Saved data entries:

==================================================

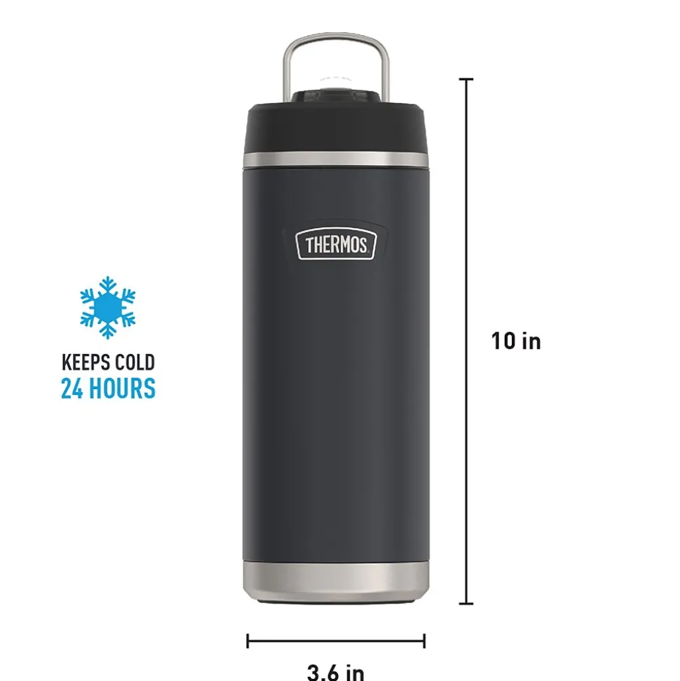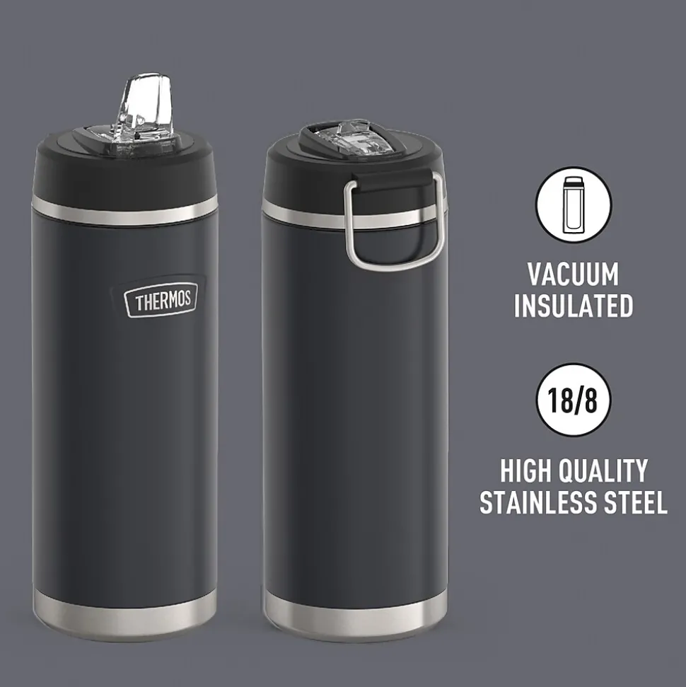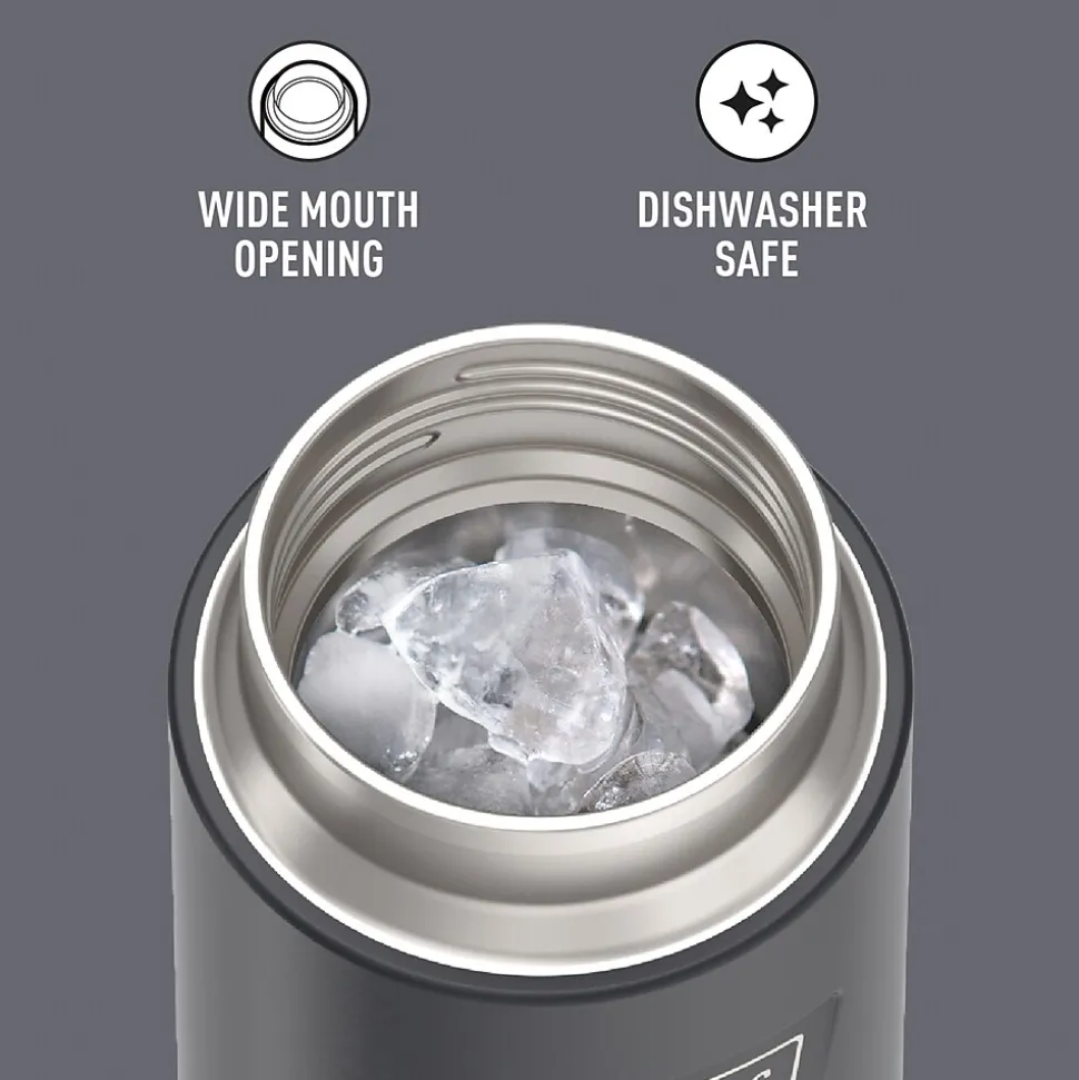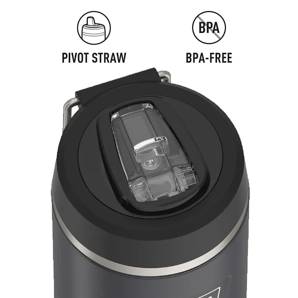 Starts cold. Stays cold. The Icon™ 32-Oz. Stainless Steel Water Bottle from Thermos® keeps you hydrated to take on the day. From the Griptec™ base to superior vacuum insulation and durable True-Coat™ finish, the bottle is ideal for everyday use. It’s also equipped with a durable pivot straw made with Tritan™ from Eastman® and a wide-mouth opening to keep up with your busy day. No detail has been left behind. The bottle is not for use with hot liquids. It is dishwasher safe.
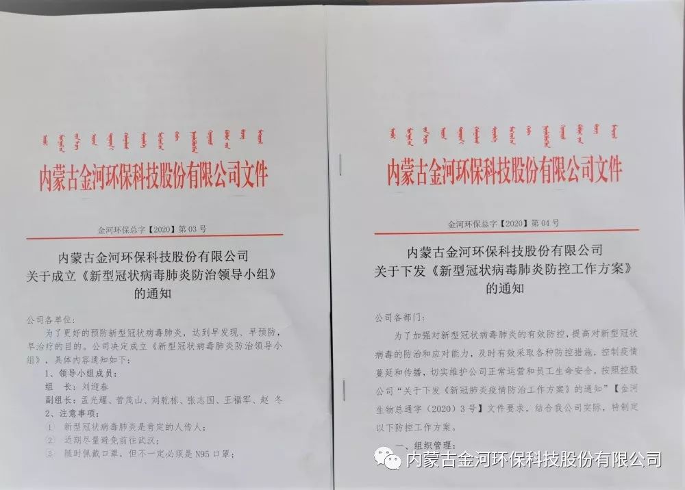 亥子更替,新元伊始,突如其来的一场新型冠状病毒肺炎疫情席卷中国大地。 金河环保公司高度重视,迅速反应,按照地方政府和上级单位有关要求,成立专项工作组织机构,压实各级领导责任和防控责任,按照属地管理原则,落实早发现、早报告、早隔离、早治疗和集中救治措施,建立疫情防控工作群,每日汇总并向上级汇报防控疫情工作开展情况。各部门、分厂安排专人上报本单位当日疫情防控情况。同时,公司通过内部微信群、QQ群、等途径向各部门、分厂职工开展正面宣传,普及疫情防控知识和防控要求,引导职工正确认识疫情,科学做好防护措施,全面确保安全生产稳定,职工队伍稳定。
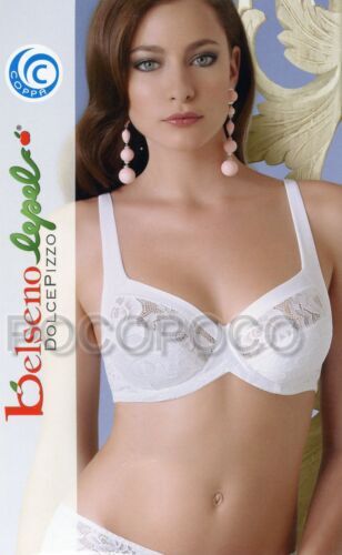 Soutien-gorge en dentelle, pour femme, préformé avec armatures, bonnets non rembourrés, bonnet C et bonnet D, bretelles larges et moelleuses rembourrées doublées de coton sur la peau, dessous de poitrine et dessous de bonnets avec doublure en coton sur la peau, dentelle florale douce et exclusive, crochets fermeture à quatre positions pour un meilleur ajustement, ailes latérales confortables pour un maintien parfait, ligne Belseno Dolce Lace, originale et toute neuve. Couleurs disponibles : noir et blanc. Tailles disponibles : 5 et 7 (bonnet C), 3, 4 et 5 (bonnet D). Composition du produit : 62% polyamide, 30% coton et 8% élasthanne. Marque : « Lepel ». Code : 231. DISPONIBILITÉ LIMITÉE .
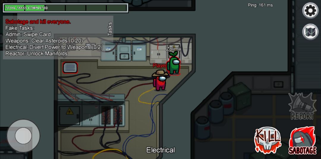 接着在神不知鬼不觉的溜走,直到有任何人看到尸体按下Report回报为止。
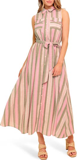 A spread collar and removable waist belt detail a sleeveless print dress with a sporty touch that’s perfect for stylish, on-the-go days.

==================================================

[Instructions for the task]: Please repeat the data verbatim and leave the pictures out of your copy.

[Exercise output]:
 Starts cold. Stays cold. The Icon™ 32-Oz. Stainless Steel Water Bottle from Thermos® keeps you hydrated to take on the day. From the Griptec™ base to superior vacuum insulation and durable True-Coat™ finish, the bottle is ideal for everyday use. It’s also equipped with a durable pivot straw made with Tritan™ from Eastman® and a wide-mouth opening to keep up with your busy day. No detail has been left behind. The bottle is not for use with hot liquids. It is dishwasher safe.
 亥子更替,新元伊始,突如其来的一场新型冠状病毒肺炎疫情席卷中国大地。 金河环保公司高度重视,迅速反应,按照地方政府和上级单位有关要求,成立专项工作组织机构,压实各级领导责任和防控责任,按照属地管理原则,落实早发现、早报告、早隔离、早治疗和集中救治措施,建立疫情防控工作群,每日汇总并向上级汇报防控疫情工作开展情况。各部门、分厂安排专人上报本单位当日疫情防控情况。同时,公司通过内部微信群、QQ群、等途径向各部门、分厂职工开展正面宣传,普及疫情防控知识和防控要求,引导职工正确认识疫情,科学做好防护措施,全面确保安全生产稳定,职工队伍稳定。
 Soutien-gorge en dentelle, pour femme, préformé avec armatures, bonnets non rembourrés, bonnet C et bonnet D, bretelles larges et moelleuses rembourrées doublées de coton sur la peau, dessous de poitrine et dessous de bonnets avec doublure en coton sur la peau, dentelle florale douce et exclusive, crochets fermeture à quatre positions pour un meilleur ajustement, ailes latérales confortables pour un maintien parfait, ligne Belseno Dolce Lace, originale et toute neuve. Couleurs disponibles : noir et blanc. Tailles disponibles : 5 et 7 (bonnet C), 3, 4 et 5 (bonnet D). Composition du produit : 62% polyamide, 30% coton et 8% élasthanne. Marque : « Lepel ». Code : 231. DISPONIBILITÉ LIMITÉE .
 接着在神不知鬼不觉的溜走,直到有任何人看到尸体按下Report回报为止。
 A spread collar and removable waist belt detail a sleeveless print dress with a sporty touch that’s perfect for stylish, on-the-go days.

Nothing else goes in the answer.